The Strength It Takes to Stay Gentle
There’s something I’ve been thinking about a lot lately: how kindness can sometimes be mistaken for weakness.
And before anyone takes this the wrong way, this isn’t me bragging or trying to paint myself as some perfect person. I just genuinely believe in leaving people better than I found them. Whether it’s through encouragement, showing up when someone needs me, listening, helping, or simply bringing positive energy into a room — that’s always been who I am.
Kindness has never felt forced for me. It’s a choice I make every single day.
But lately, I’ve noticed something that honestly hurts a little.

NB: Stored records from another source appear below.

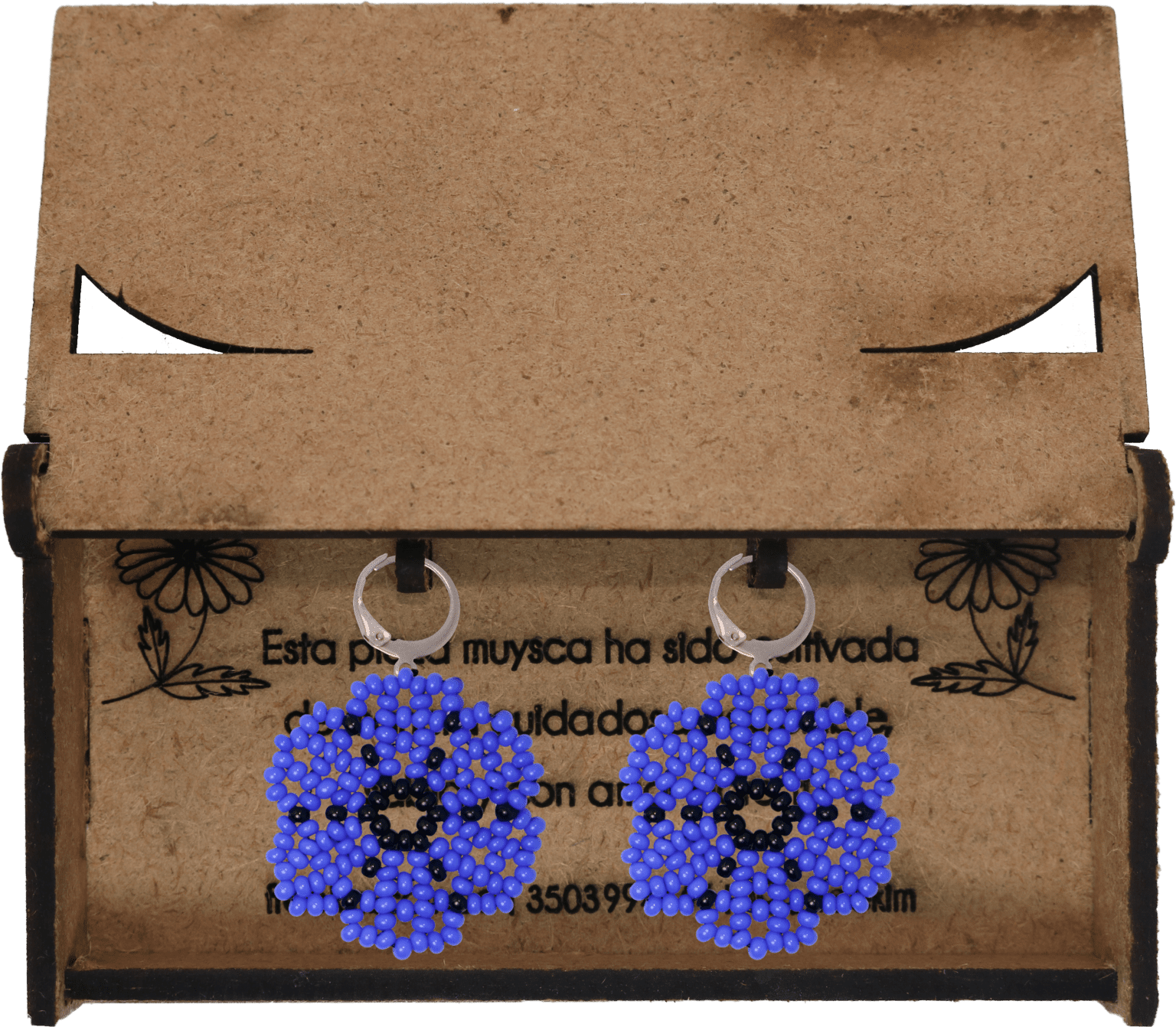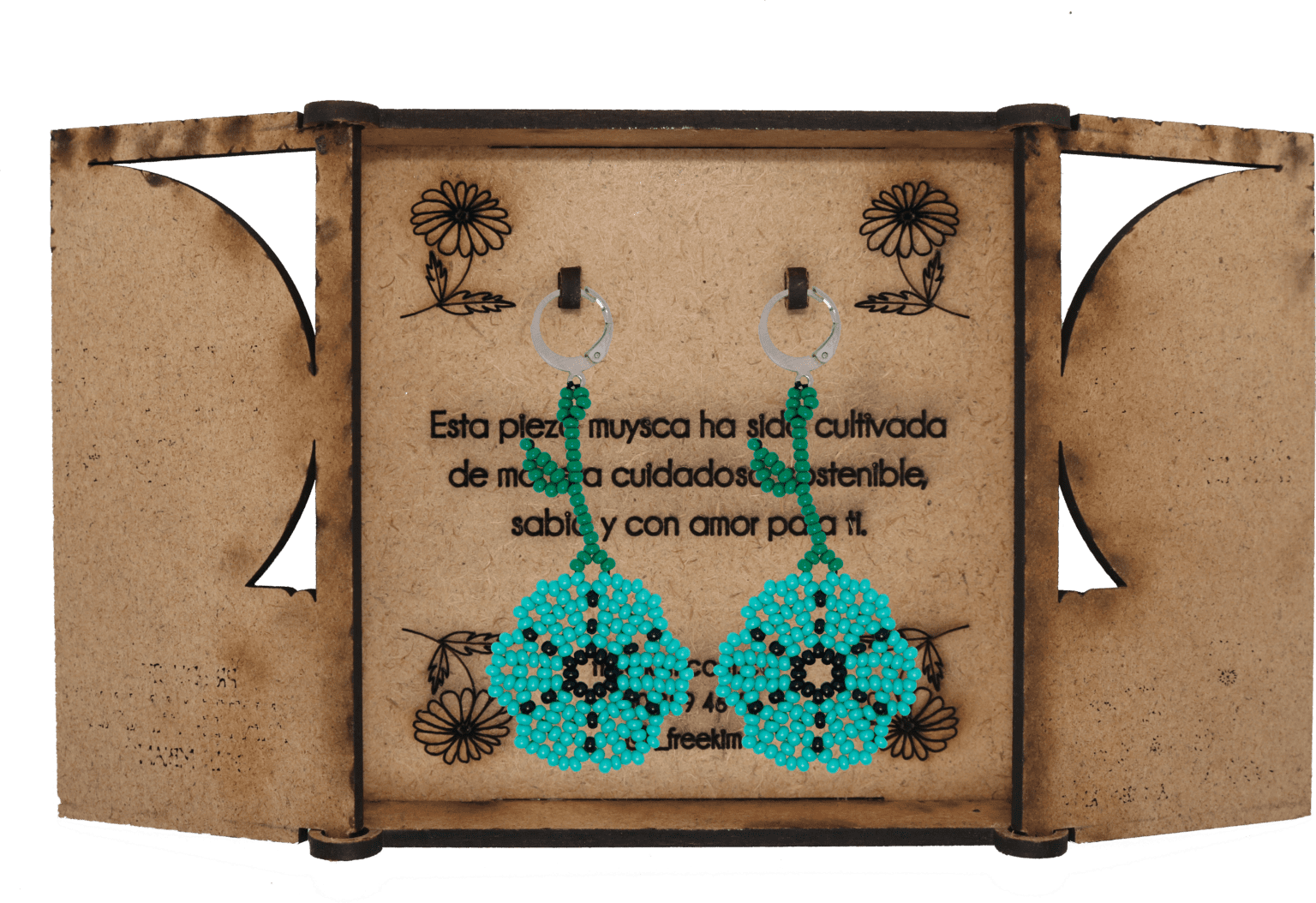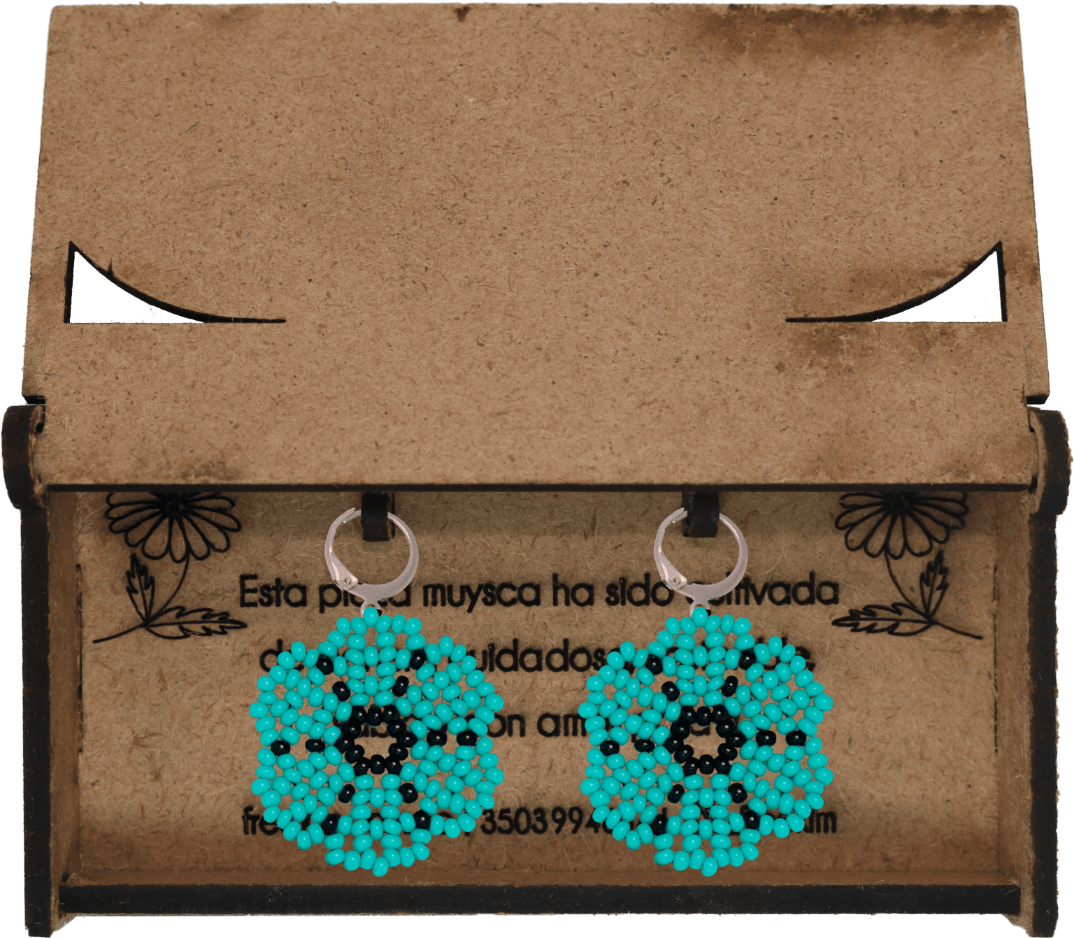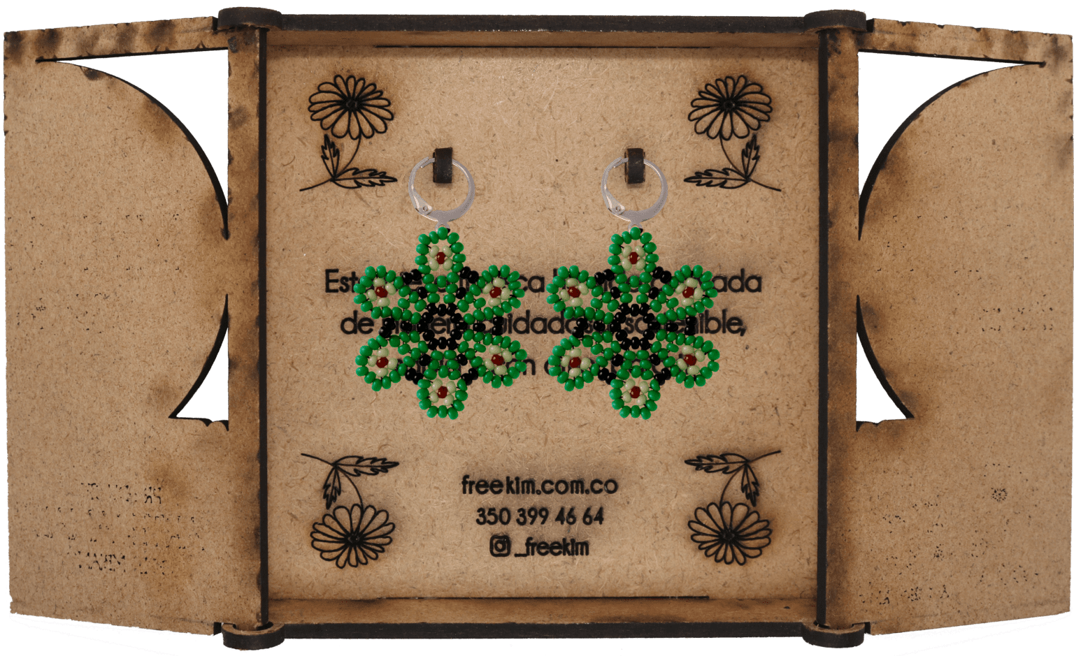 Ganchos en acero inoxidable, mostacilla checa, hilo resistente y cajas en madera.
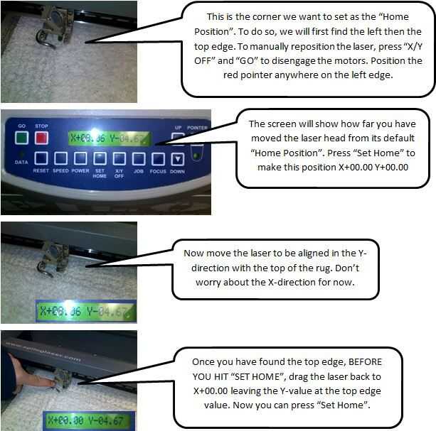 Vamos a alinear el láser en la esquina superior izquierda. En lugar de ojo-Ball lo, primero alineamos el láser sobre el borde izquierdo lo reseteo a cero. A continuación, vamos a alinear en el borde superior sin lo reseteo a cero. Por último, arrastrándola hacia la esquina para definir la "posición Inicio".
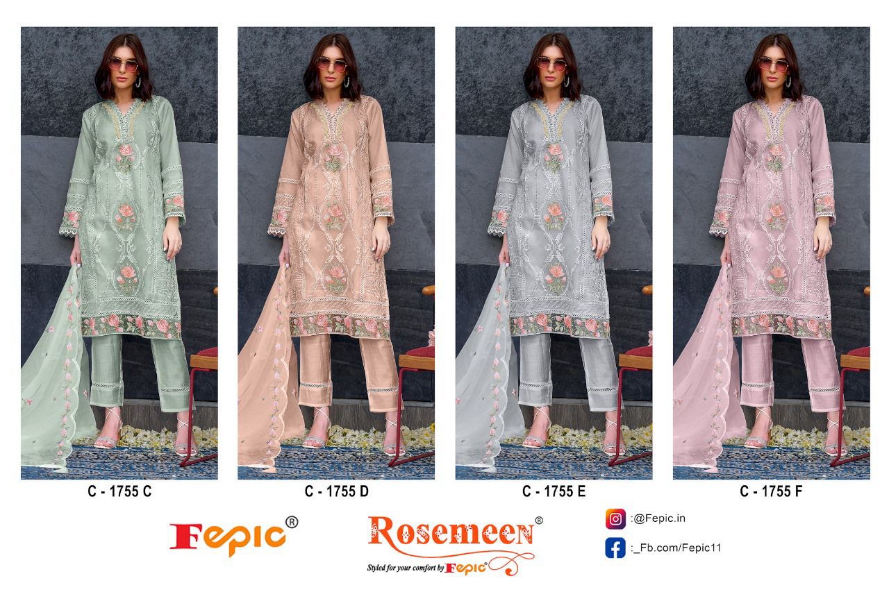 ROSEMEEN D NO C 1762 by FEPIC ORGANZA suit collection manufacturer surat
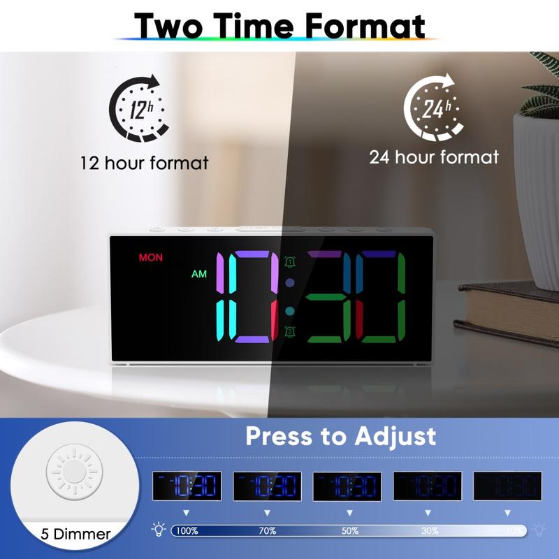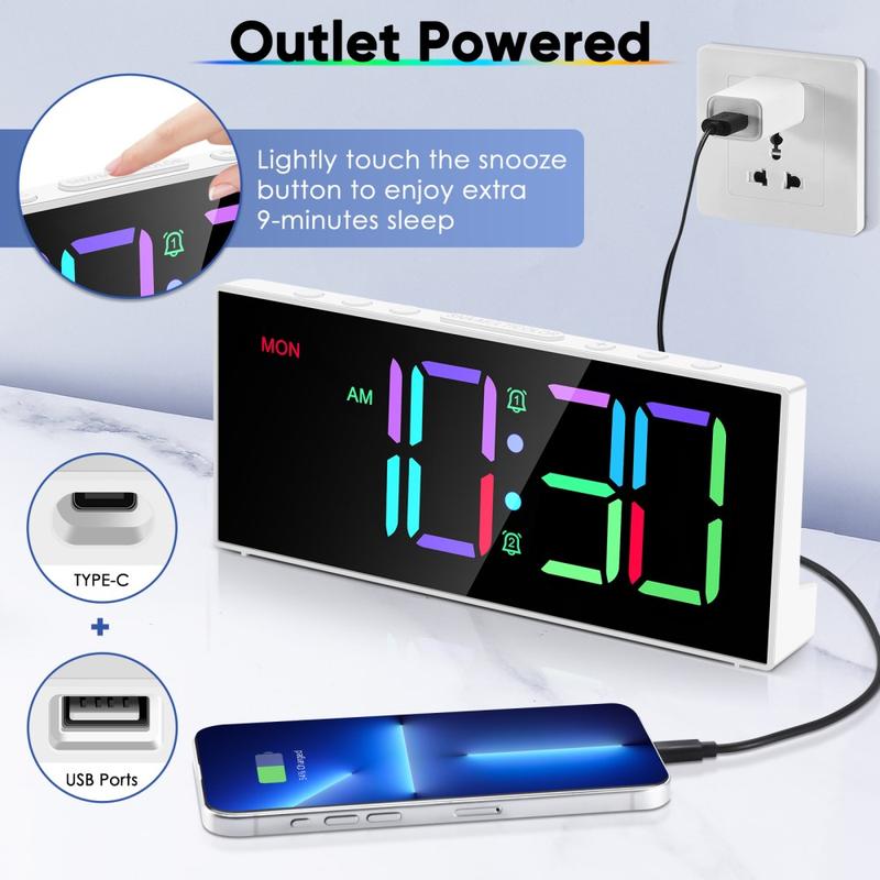 Cyfrowy budzik GS-G11 RGB to nowoczesny zegar stołowy przeznaczony do sypialni, salonów i biurek, gdzie liczy się dobra widoczność i łatwa obsługa. Jego żywy wyświetlacz LED oferuje wiele trybów kolorów RGB, a regulowana jasność i głośność pozwalają dostosować zegar do pomieszczenia i codziennych potrzeb. Dzięki podwójnemu budzikowi, wygodnej funkcji drzemki i pamięci zapasowej na wypadek awarii zasilania jest to praktyczny zegar do codziennego użytku, który dodatkowo stylowo rozjaśnia pomieszczenie.

Some people stop appreciating kindness once they get used to it.
What started as generosity slowly becomes expectation. The favor you did out of love becomes something they assume you’ll always do. The support you gave freely becomes something they feel entitled to. And after a while, you start feeling less like a kind person and more like a resource people pull from whenever they need something.
That kind of exhaustion is real.
I think a lot of genuinely kind people struggle with this because we don’t give to receive something back. We give because it’s in our nature. But even the most giving people can become depleted when they’re constantly pouring into others who never pour back.
Thankfully, I do have one person in my life who constantly reminds me why kindness still matters. He’s shown me that giving can actually be one of the most gratifying things in the world when it’s genuine and reciprocal. Through him, I’ve been reminded that kindness really is top tier. There are still people who appreciate softness, effort, thoughtfulness, and love.
But I’d be lying if I said everyone in my life makes me feel that way.
Outside of my immediate and close family, there are some people who make me second guess even talking to them at all. Not because I dislike them, but because every interaction feels draining. Like they only know how to receive and never pour back into anyone else. And after enough experiences like that, you start questioning whether protecting your peace means distancing yourself completely.
I’ve had to remind myself recently that discernment is not the opposite of kindness. Boundaries are not bitterness. Protecting your peace does not make you selfish.
You can still be a loving person and decide everyone doesn’t deserve unlimited access to your energy.
That’s growth.
I also think the world has become so used to hardness that kindness confuses people. Some people genuinely see compassion as weakness because they only understand power through dominance, distance, or self-preservation. But I don’t believe kindness is weak at all.
It takes strength to stay soft in a world that constantly tries to harden you.
It takes discipline to continue choosing grace after disappointment.
And it takes wisdom to know when your kindness is helping someone versus enabling them to drain you.
So if you’ve been feeling emotionally exhausted from always being “the good one,” here are four ways to continue being kind without letting it deplete you:
- Stop confusing access with love.
You can love people deeply and still limit how much access they have to your time, energy, and emotional space. Not everyone deserves the same version of you. - Pay attention to reciprocity.
Relationships won’t always be perfectly equal, but healthy relationships should feel mutual. You shouldn’t always be the one checking in, helping, sacrificing, understanding, or giving grace. - Learn to say no without guilt.
“No” does not cancel out your kindness. In fact, sometimes saying no is the healthiest thing you can do for yourself and the other person. - Keep your heart soft, but your discernment sharp.
Continue being loving. Continue being generous. Continue being you. Just become wiser about where your energy goes. Not everyone deserves front-row access to your goodness.
At the end of the day, I never want life to make me cold. I never want disappointment to turn me into someone who stops caring about people. But I’m learning that kindness works best when it comes from overflow — not exhaustion.
You deserve relationships where your kindness is appreciated, not exploited.
You deserve people who refill you too.
So I’m curious: how do you like to give kindness to others? And what do you do to make sure your kindness doesn’t completely deplete you?
Wow!! I needed to read this. This is something I struggle with very often. And as much as I hate to admit it, I feel like I'm allowing this world to harden me. I find myself upset with ME because "why did I give my positive energy when they don't appreciate it" or "I should have just ignored that message/interaction" When it's in me to be kind, loving, thoughtful, and reassuring. I like to show up for others. I never want to leave people feeling like "here's another person who didn't have my back". So I do, give, and reassure whenever I see a person in need. I'm still working on figuring out how to not let it deplete me because I genuinely love to be the go to person.
ReplyDeleteI love being the go to person as well, but who do you go to? Keep being giving, but learn to be selective. I have to constantly remind myself that. Not everyone deserves that gift you give.